Excerpts from a dataset
Start of Block

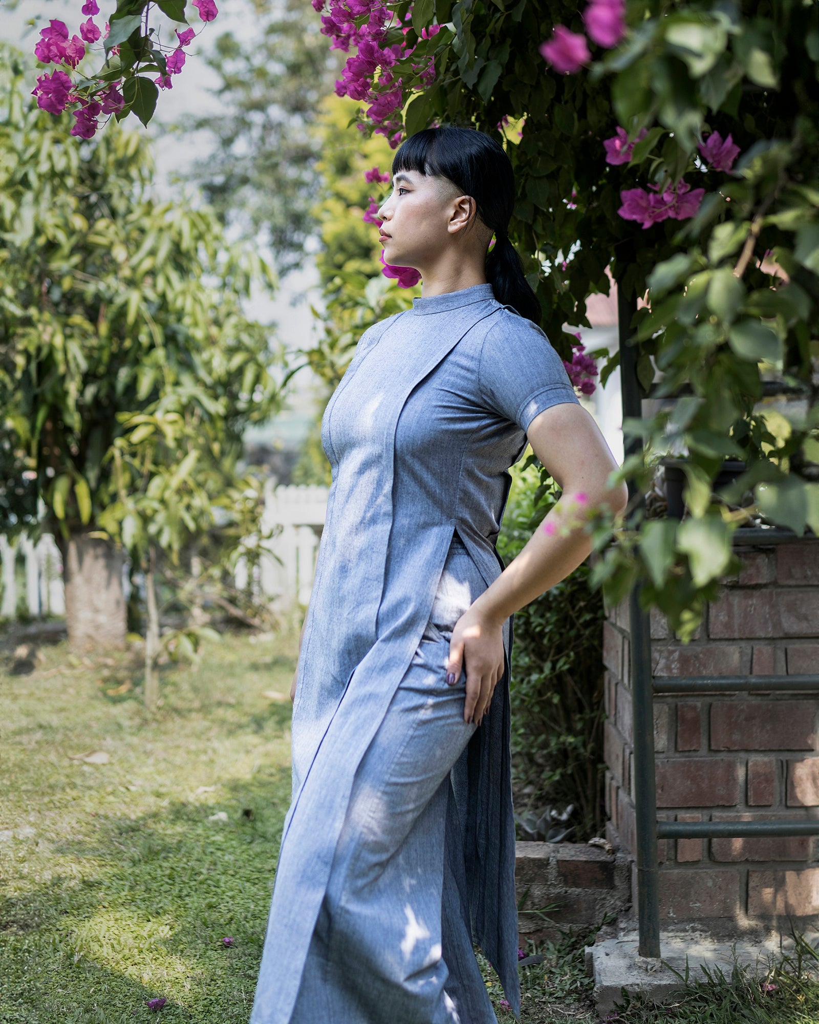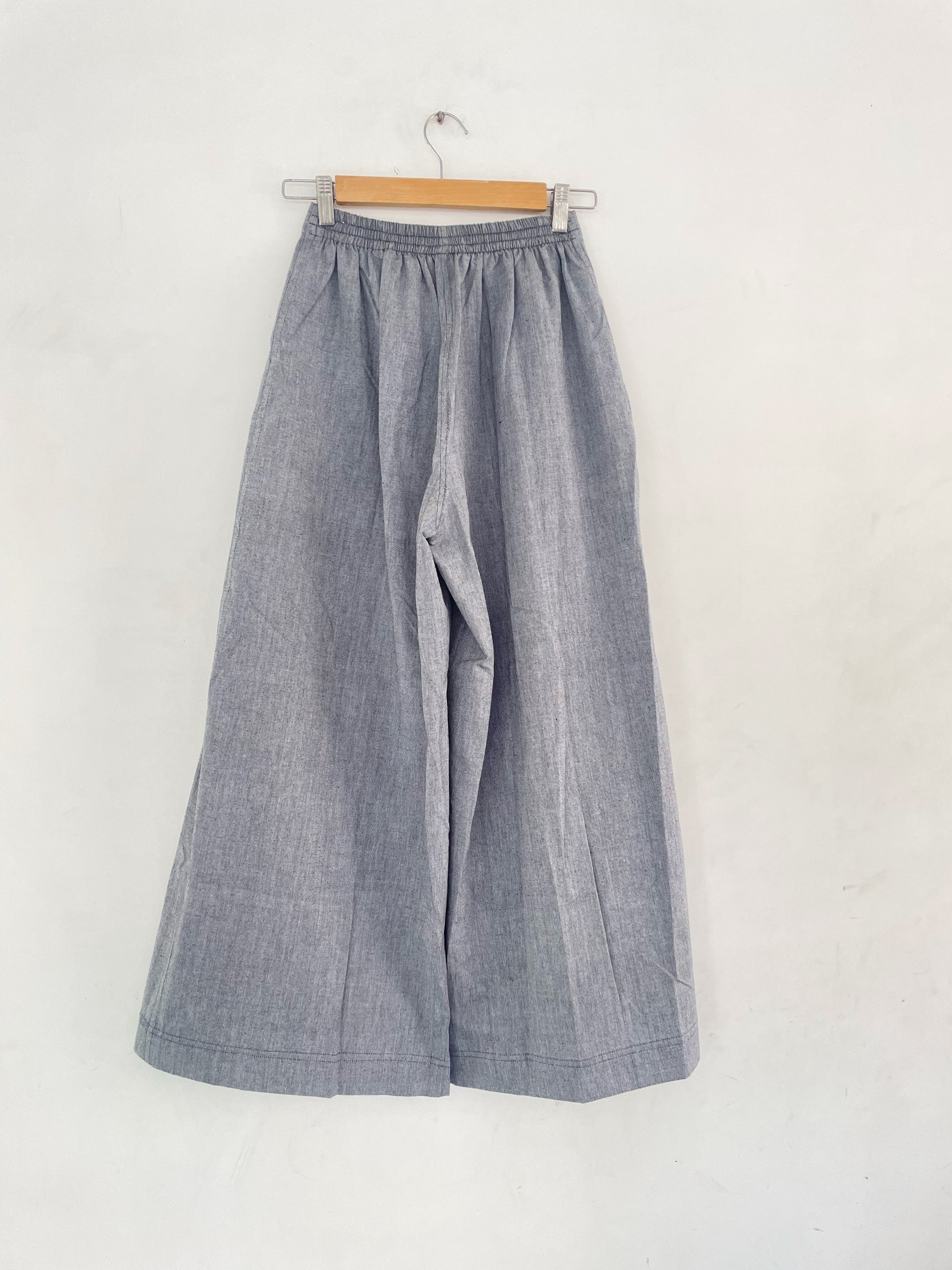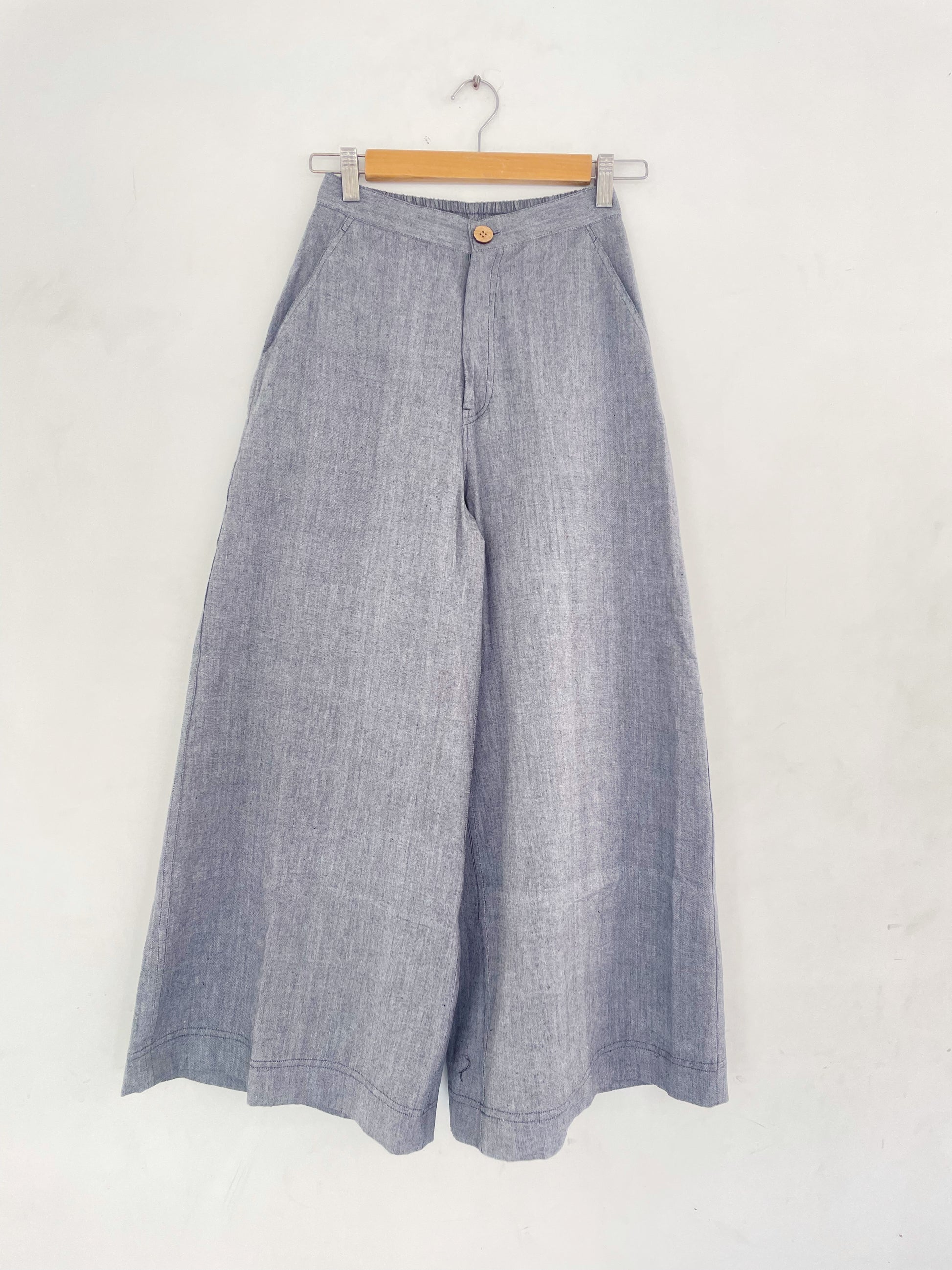 The Smoke Palazzo, crafted from handwoven cotton is a roomy pant with wooden button in the front and elasticated waist belt for an adjustable fit.
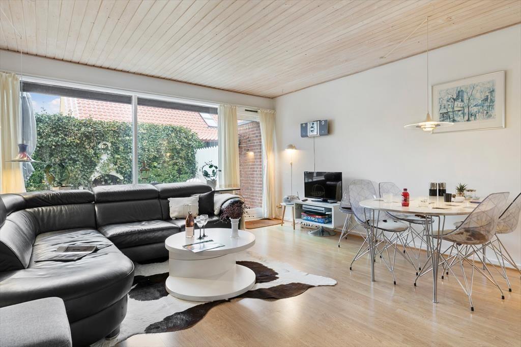 Lejlighedens vestvendte terrasse er skærmet af murværk og hegn til alle sider, så det er en helt lukket gård med en rolig atmosfære. Solforholdene er gode, og fordi udearealet vender ind mod naboejendommen, føles det særdeles ugeneret og fredfyldt at sidde her – så du vil måske ligefrem glemme, at du befinder dig lige midt i byen, når du drikker eftermiddagskaffe under parasollen eller griller aftensmaden med familien, når dagen går på hæld. Der er mulighed for at parkere ved ejendommen, og på grund af den centrale adresse kan bilen oplagt holde her en stor del af ferien.
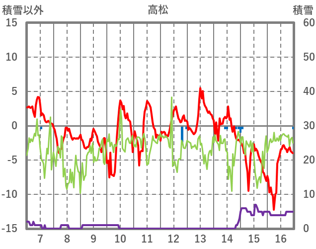 | 日 | 時 | 気温 | 降水 | 風向/風速 | 日照 | 積雪 | 降雪 |
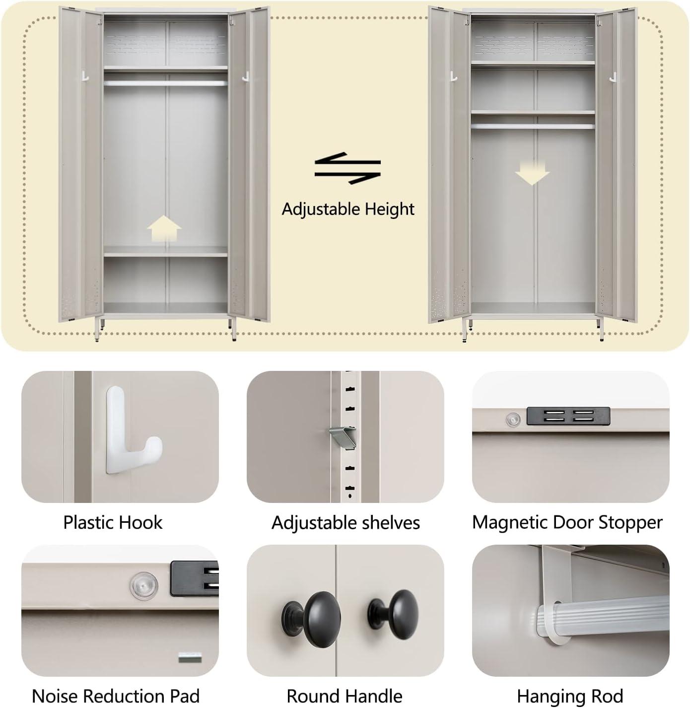 You notice, over time, how it eases into a corner and the half-formed routes of daily life, picking up small marks of use and learning the roomS rhythms. Living with the BESFUR Bedroom Armoires, Metal Wardrobe Closet with Hanging Rod, Adjustable Shelves, 20″ D x 31.5″ W x 74″ H – Sea Shell Color shows how surfaces soften where hands touch, how a shelf becomes the favored landing for a sweater, and how edges bear the slow fade of ordinary wear.As the room is used it quietly reshapes nearby habits — a lamp nudged closer, a chair pressed into temporary service — folding into everyday routines rather than calling attention to itself. In time it simply becomes part of the room.
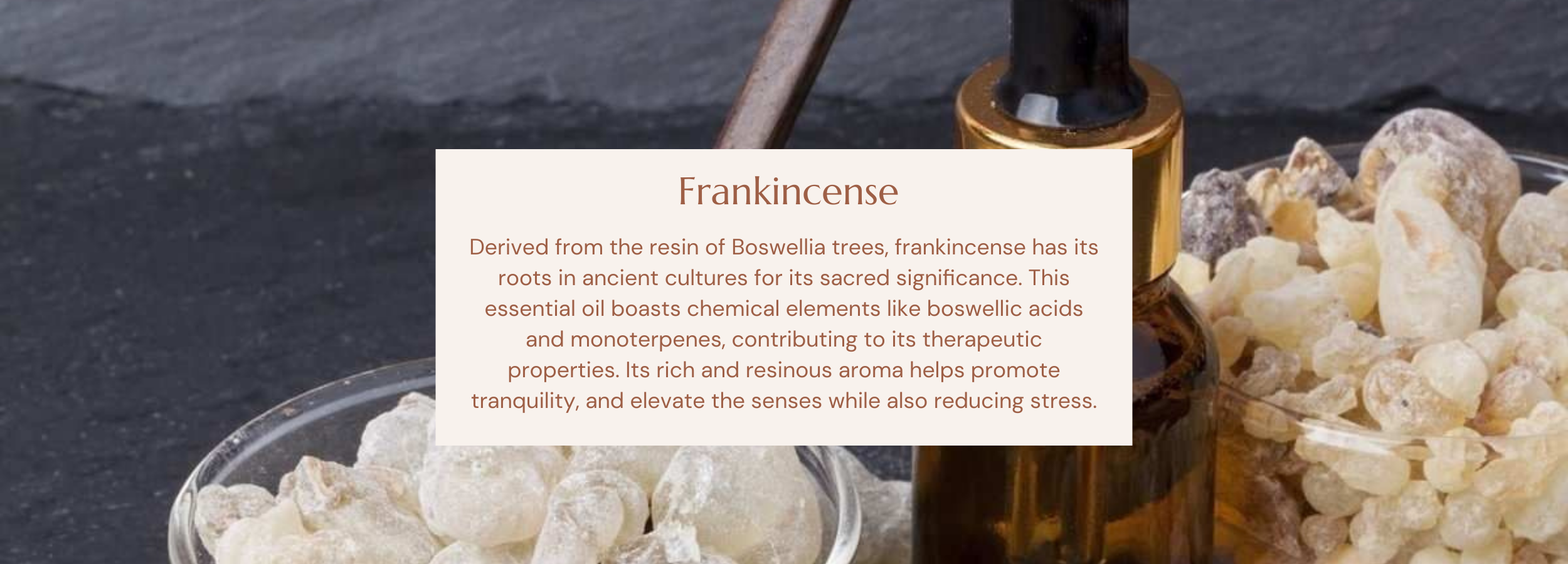 Frankincense Essential Oil: A resinous and aromatic oil derived from Boswellia trees
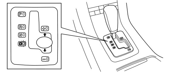 - +/- : Manual shift function. The indicators for both + and - are illuminated when manual mode is active.
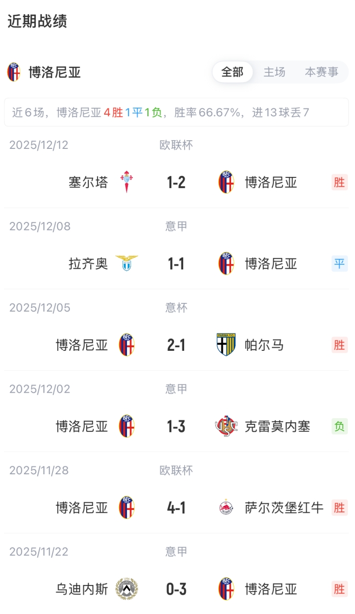 博洛尼亚首发:13-拉瓦利亚、20-佐尔泰亚、14-赫格姆、26-卢库米、33-胡安·米兰达、6-莫罗、4-波贝加、7-奥尔索里尼、19-刘易斯·弗格森、28-坎比亚吉、24-达林加
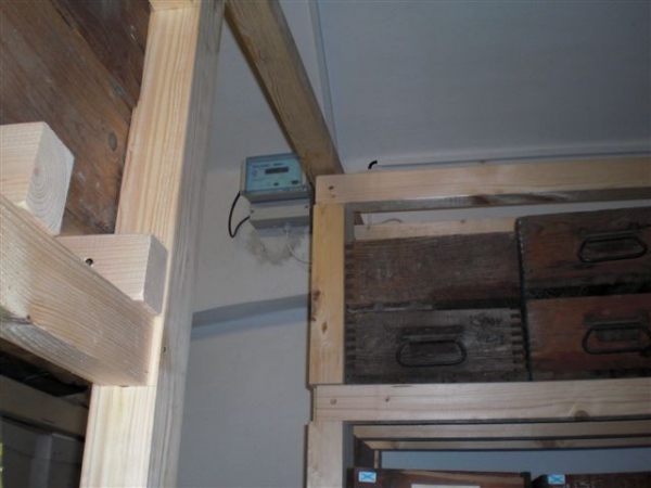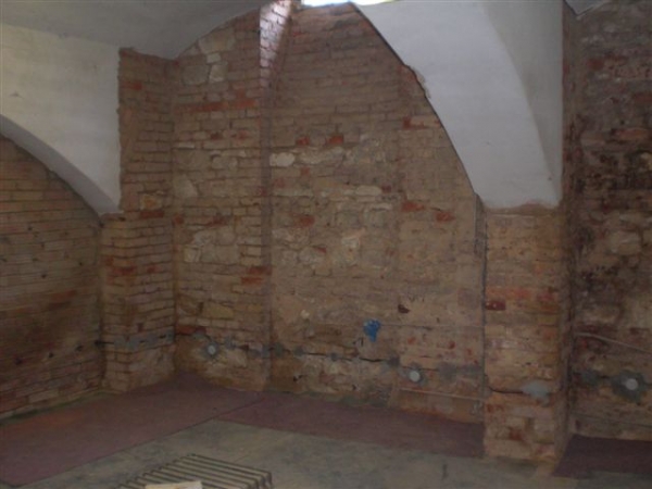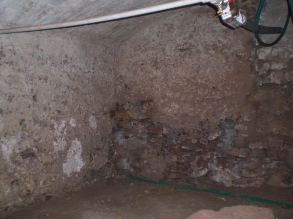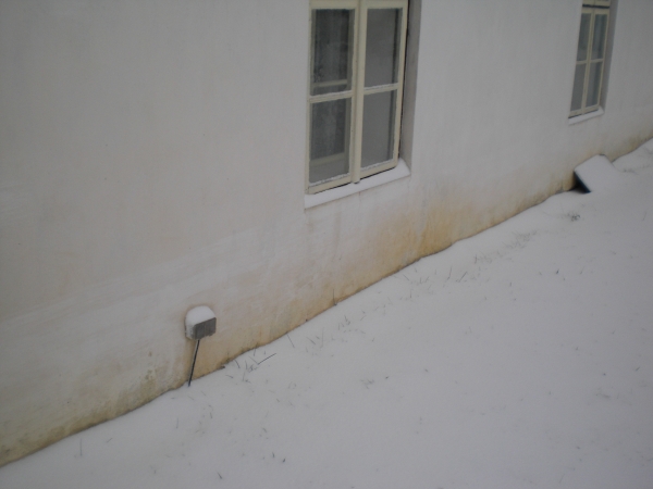 - Technologie: Jako první fázi sanace vlhkosti suterénu rozsáhlejšího objektu byla instalována aktivní drátová elektroosmóza s elektrodami ve vlhkém zdivu a v podzákladí. V druhá fázi bude v budoucnu nutné provést výměnu vlhkostí poškozených omítek.

End of Block

- [Problem to solve] Please copy the entries in full. Leave each image out.

- [Response]
 The Smoke Palazzo, crafted from handwoven cotton is a roomy pant with wooden button in the front and elasticated waist belt for an adjustable fit.
 Lejlighedens vestvendte terrasse er skærmet af murværk og hegn til alle sider, så det er en helt lukket gård med en rolig atmosfære. Solforholdene er gode, og fordi udearealet vender ind mod naboejendommen, føles det særdeles ugeneret og fredfyldt at sidde her – så du vil måske ligefrem glemme, at du befinder dig lige midt i byen, når du drikker eftermiddagskaffe under parasollen eller griller aftensmaden med familien, når dagen går på hæld. Der er mulighed for at parkere ved ejendommen, og på grund af den centrale adresse kan bilen oplagt holde her en stor del af ferien.
 | 日 | 時 | 気温 | 降水 | 風向/風速 | 日照 | 積雪 | 降雪 |
 You notice, over time, how it eases into a corner and the half-formed routes of daily life, picking up small marks of use and learning the roomS rhythms. Living with the BESFUR Bedroom Armoires, Metal Wardrobe Closet with Hanging Rod, Adjustable Shelves, 20″ D x 31.5″ W x 74″ H – Sea Shell Color shows how surfaces soften where hands touch, how a shelf becomes the favored landing for a sweater, and how edges bear the slow fade of ordinary wear.As the room is used it quietly reshapes nearby habits — a lamp nudged closer, a chair pressed into temporary service — folding into everyday routines rather than calling attention to itself. In time it simply becomes part of the room.
 Frankincense Essential Oil: A resinous and aromatic oil derived from Boswellia trees
 - +/- : Manual shift function. The indicators for both + and - are illuminated when manual mode is active.
 博洛尼亚首发:13-拉瓦利亚、20-佐尔泰亚、14-赫格姆、26-卢库米、33-胡安·米兰达、6-莫罗、4-波贝加、7-奥尔索里尼、19-刘易斯·弗格森、28-坎比亚吉、24-达林加
 - Technologie: Jako první fázi sanace vlhkosti suterénu rozsáhlejšího objektu byla instalována aktivní drátová elektroosmóza s elektrodami ve vlhkém zdivu a v podzákladí. V druhá fázi bude v budoucnu nutné provést výměnu vlhkostí poškozených omítek.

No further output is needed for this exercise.